The similarity of this name to ‘Joseph Barsabas Justus’, who doubled for James in the improbable election to replace ‘the Twelfth Apostle’ in Acts 1:22, should also be recalled. He, in turn mysteriously transmogrifies into ‘Judas Barsabas’ in the story of the two messengers who carry James’ ‘letter’ with his instructions to overseas communities down to ‘Antioch’ in Acts 15:22. In Acts 4:36 this ‘Joses surnamed Barnabas’ is ‘a Levite of Cypriot origins’, while in Mark 2:14 the individual the other Gospels are calling ‘Matthew’ is called ‘Levi the son of Alphaeus’. But, as we have seen, these ‘Barnabas’/‘Barsabas’/‘Barabbas’ names often have to do with writing over and the elimination of the members of Jesus’ family from Scripture.

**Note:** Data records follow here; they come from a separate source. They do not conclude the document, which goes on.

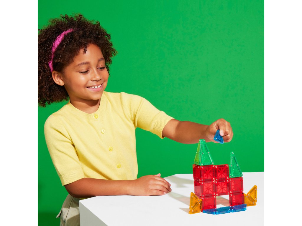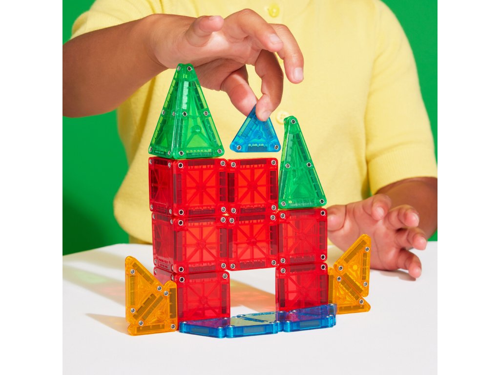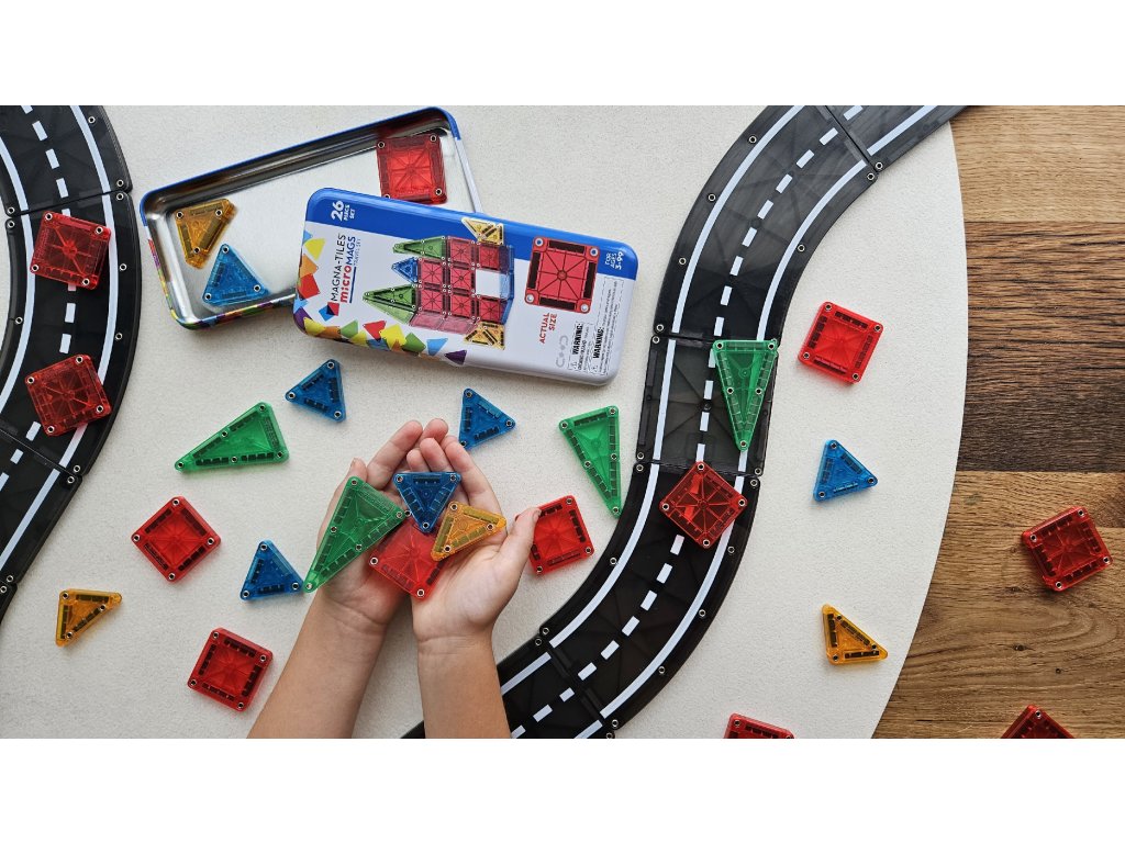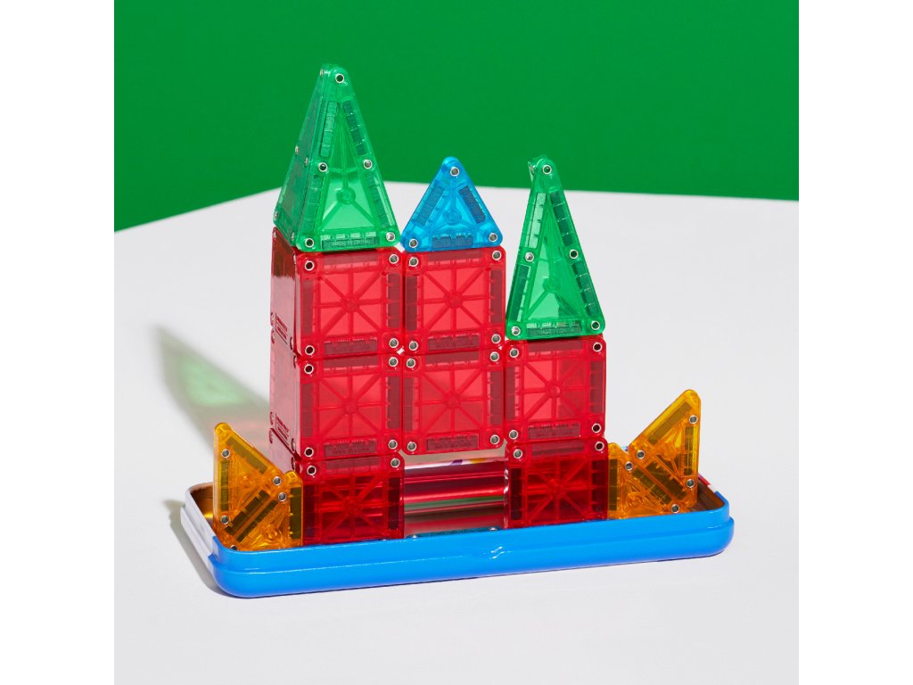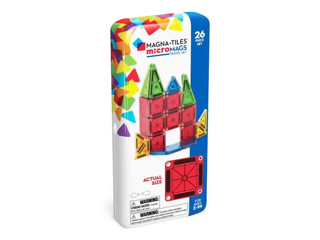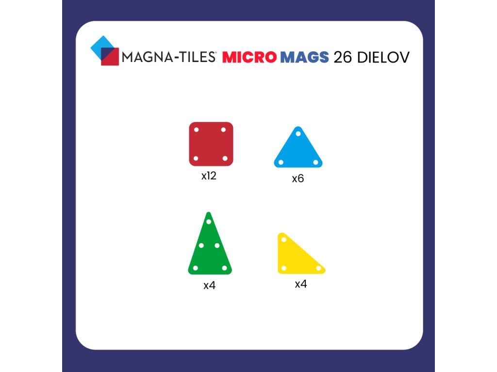 Magnetická stavebnica microMAGS Travel Set 26 dielov Cestovná sada MAGNA-TILES na každý výlet Magnetická stavebnica microMAGS Travel Set je ideálny spoločník na cesty. Prináša praktickosť a zábavu v jednom kompaktnom balení.Tento set obsahuje 26 magnetických dielikov, kde všetky diely sú o 75 % menšie ako tradičné MAGNA-TILES, čo umožňuje ešte detailnejšie stavby malých staviteľov.Kovový plechový obal poskytuje pohodlné skladovanie, vďaka ktorému je tento set dokonalým spoločníkom na rodinné výlety - zmestí sa do batohu, kabelky alebo cestovnej tašky, takže deti môžu mať svoje obľúbené stavebné diely vždy so sebou.Magnety microMAGS sú plne kompatibilné so všetkými ostatnými stavebnicami MAGNA-TILES, čo z nich robí skvelý doplnok k existujúcim sadám.Zmysluplná stavebnica pre malých staviteľov Stavebnica je nielen praktická, ale aj vysoko kvalitná a bezpečná. Dieliky sú vyrobené z potravinárskeho, netoxického plastu, ktorý neobsahuje BPA, ftaláty ani latex. Silné magnety a pevná konštrukcia zabezpečujú dlhú životnosť a nekonečné hodiny tvorivej zábavy. Táto stavebnica podporuje rozvoj jemných motorických zručností, koordinácie ruka-oko a kreativity, čo z nej robí ideálny darček pre deti vo veku už od 3 rokov.Sada obsahuje 26 magnetických dielikov microMAGS:4x pravý trojuholník, 4x rovnoramenný trojuholník, 6x rovnostranný trojuholník,12x štvorec.Dodatočné parametre
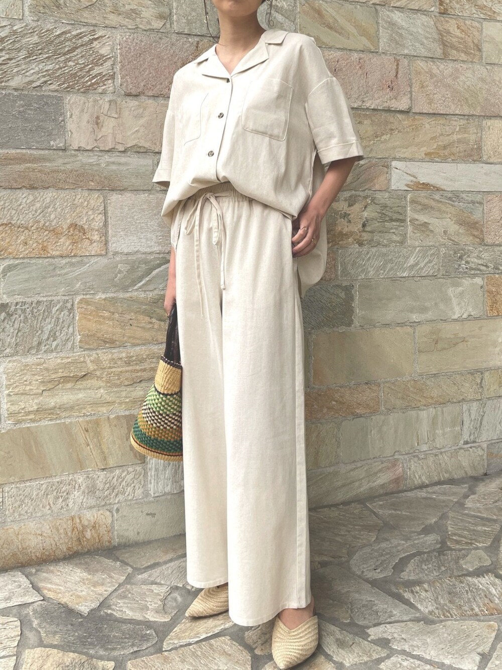 ーーーーーーーーーーーーーーーーーーーーーーーー ナチュラル感のあるリネン素材をセットアップで。 ゆったりとしたシルエットと、自然な風合いでリラックス感なあるスタイリングに🌿 シャツは前を閉めてタックインはもちろん、羽織としても◎ (model:160㎝ ナチュラル着用) ーーーーーーーーーーーーーーーーーーーーーーーー
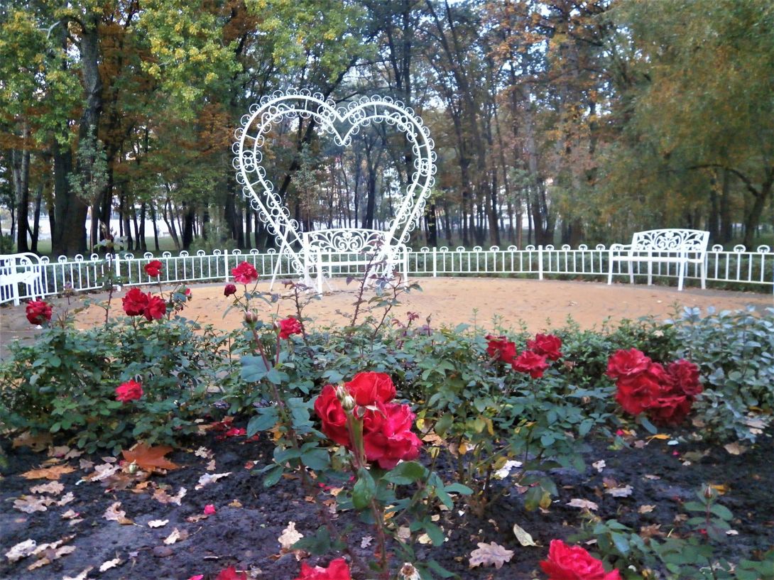 Підказка закоханим: Дочекайтеся, поки у парку розквітнуть червоні троянди: фото у білому ажурному серці на фоні квітів вийде дуже ефектним.
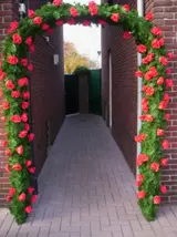 100 witte 100 rode of gemengde rozen boog is van kunstgroen niet van echt te onderscheiden te vervoeren in 3 delen de rozen zitten op een knip en zijn makelijk te bevestigen.

In Acts 21:16, before Paul goes up to Jerusalem to be mobbed by the Jewish crowd for allegedly bringing
Greeks
into the Temple (21:28), Paul has to do with another curious individual from Cyprus, this time named ‘Mnason’. He is called ‘an old Disciple’ (meaning aged) and, once more, we are probably dealing with obfuscation. The ‘Manaen’ we have already met, the ‘foster brother of Herod the Tetrarch’, was grouped alongside ‘those from Cyprus and Cyrene’, including ‘Lucius the Cyrenian’ (Paul’s putative travelling companion) as one of the five founding members of the ‘Antioch’ Community in Acts 11:20 and 13:1. These also include one ‘Simeon’, now mysteriously called ‘Niger’, a name we have previously, also, met under slightly different circumstance in Josephus above.
These ‘men of Cyprus and Cyrene’, who according to Acts’ completely skewed narrative had scattered in the wake of the stoning of Stephen (that is, the attack by Paul on James in the Temple in the 40’s), now speak to ‘the Hellenists’ (now ‘
Hellenistas
’) at Antioch – whoever these might have been in such a context – about ‘the Gospel of the Lord Jesus’, at which point ‘the Assembly in Jerusalem’ sends down Barnabas to Antioch to deal with this situation there (where ‘the Disciples were first being called Christians’ – Acts 11:22–26) – yet another reverberation of the story of Thomas sending down Thaddaeus, ‘as an Apostle, one of the Seventy’, to the Land of the Edessenes and Mesopotamia when Abgarus ruled in Edessa – not to mention James sending down ‘Judas Barsabas’ with the ‘epistle’ containing his directives.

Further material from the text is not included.